To the editor:

I am quite humored by the ignorance and complete lack of driving skill that I encounter here in Brownwood every single day!

Turn Signals aka Blinkers:

In most places in America blinkers are standard features on a vehicle. I think our local car lots are selling blinkers as expensive upgrades that only few in Brownwood can afford. Blinkers are great items to have on a car as they help you alert other drivers as to what your intentions are. ie a left turn or right turn. Lack of blinker usage probably means that the driver doesn’t have a flipping clue as to what their intentions are and therefore should not be behind the wheel. According to the Texas Drivers Handbook a turn signal, blinker, should come on a least 100 feet from the turn, not one inch if at all. Also something most people don’t know, you don’t have to come to a complete stop in the middle of traffic to make a right turn!

Green Lights:

We need to get TxDOT to come set all the green lights a little longer for us. You see in Brownwood the green lights are too short because you don’t actually get to go when the light turns green. You get to wait because in Brownwood a red light doesn’t mean STOP; it really means “three more cars get to go on through.”

The Four-way Stop:

Oh, dear Lord! I go through three four-way stops on my way and from work everyday. It’s like people freeze up, lock down, and lose any and all normal brain activity at a four-way stop! They turn out of turn and get this, get out in the middle, stop, then wave someone else on through. I have seen the greatest amount of pandemonium at the four-way right there at Wendy’s, Home Depot, and Wal-Mart; is there an invisible force field upon crossing onto that particular parking lot, sucking the brain out of people’s head, turning them into complete imbeciles? To help the directionally challenged, Wal-Mart has painted these things called arrows on the pavement. Arrows are pictures or symbols that point you in the directions that you should go. When driving the wrong way down the lane, don’t look at the person going the right direction as if they are the fool and then shoot them the bird because you didn’t have enough room to continue going the wrong way! And when you are cutting across the parking lot at the speed of sound, don’t honk at, flip off, and cuss out the person who is actually driving correctly in the lane.

The Traffic T:

This must have been Brownwood’s prize behind door Number 3 in the “Stick It to a Sucker” game show. And what a prize it is! Pretty sure this was a project that was designed at 2 in the morning it was due. I think I’ve seen cows cut a trail through a pasture better! Coming from Kroger going toward Wal-Mart I have lost count of how many times I have seen it happen and I have personally been almost run off the road into the embankment of the CVS parking lot about eight times by some twit in the “left turn only” lane insistent on going straight. Folks again, nifty little arrows pictures showing exactly where to go! Check into it.

Fast Lane Slow Lane:

OK, the left lane of traffic is for those of us who actually choose to drive the speed limit. If your vehicle is not capable of this, you have no clue where you are going, or if for some ridiculous reason you are rebelling against society and are choosing to drive 20 mph in a 40, either park it, pull over and look at a map, or get it out of the left lane!
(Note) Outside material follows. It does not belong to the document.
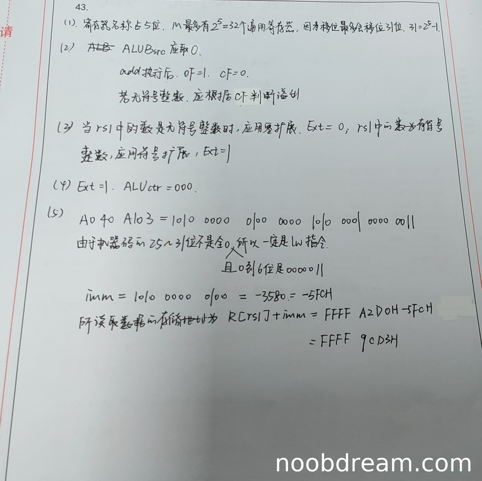 学生回答:ALUBsrc应取0,正确。但后续计算与标志位判断有误: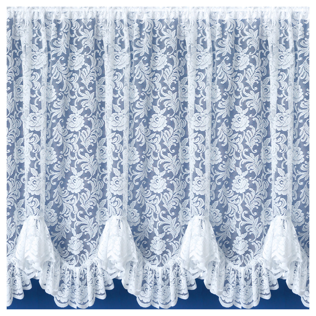 Kew Traditional Floral White Net Curtain Flounce

The Center Left Turn Only Lane:

This is not a third lane of traffic. Shocker, I know! How many times have we almost seen a head on collision because an intelligent person was actually using if for the legal use, a left turn only lane; then here comes meat head traveling or stopped in it, trying to merge right into traffic because they were to impatient to wait for a clearing so they could pull all the way across? Just yesterday I was going to lunch, coming up 377 going toward town and some bonehead in a black SUV pulled out of a business next to the tracks and traveled 45-50 mph in the center turning lane for a least 1/2 to 3/4 of a mile.

The Cell Phone:

HANG IT UP AND DRIVE THE STINKING CAR! If you are challenged in the area of hand eye coordination and your brain can not handle doing more than one thing at a time; turn the phone off! I do find it comical though that it’s very rare that I pass an officer that doesn’t have a cell phone stuck to the side of their head. I even passed one TEXTING while driving the other day.

Residential Speed Racer:

The moron enjoys seeing just how fast they can get the car from their driveway to the end of the street as children are out playing. I wish there was a cop around everyday when the little purple truck in my neighborhood is trying to break some kind of a land speed record and endangers the life of my and others’ children.
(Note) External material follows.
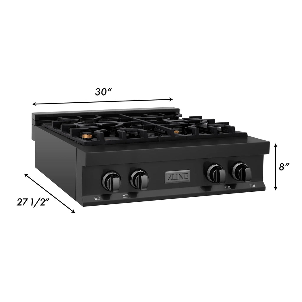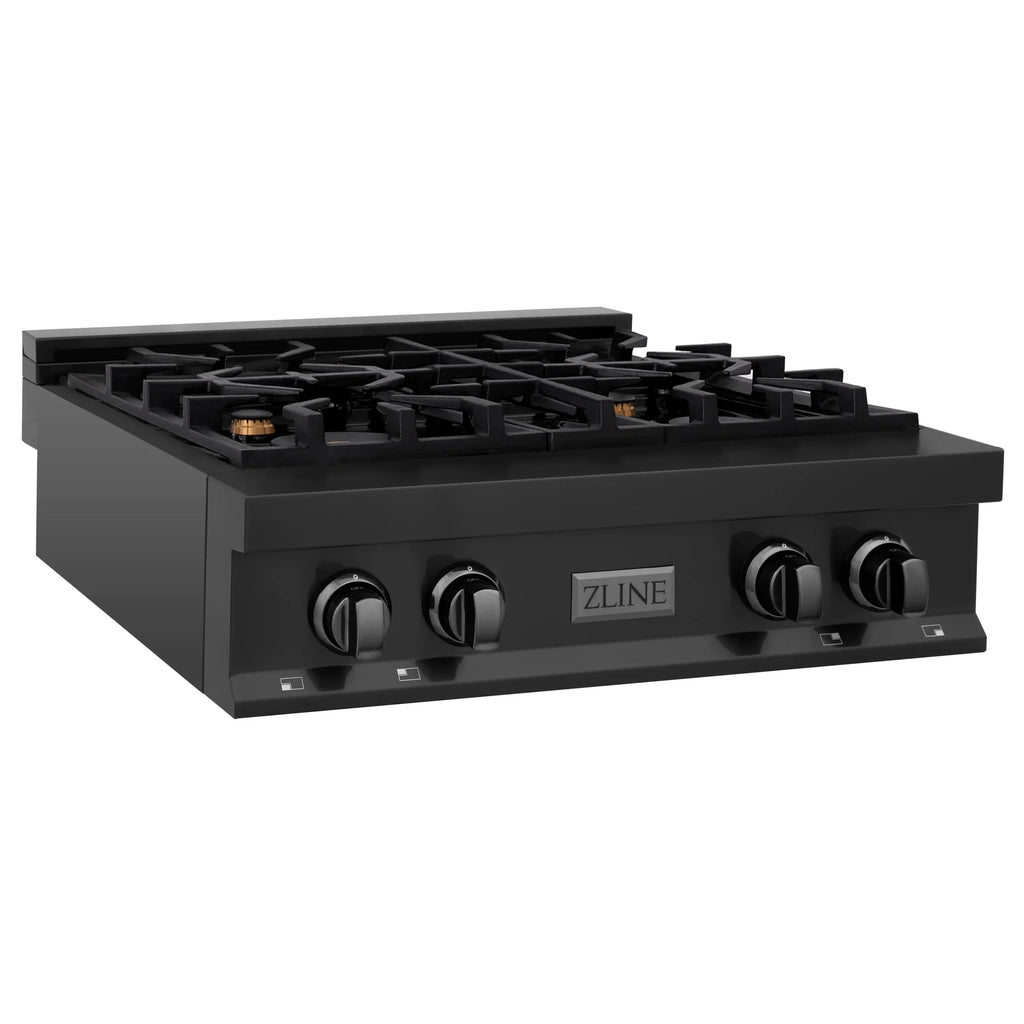 ZLINE 30" Porcelain Gas Stovetop in Black Stainless Steel with 4 Gas Brass Burners - RTB-BR-30

I’m glad that we wanted everybody to know that the officers would be out “writing citations for fireworks violations” on the Fourth! Man do I ever feel so much safer now getting into my car to go to work or take my wife and children some where knowing that some poor chump got a citation for popping one of those dang old firecrackers when day in and day out motorist are breaking the law; endangering the lives of others, causing and almost causing wrecks and nothing is done about it.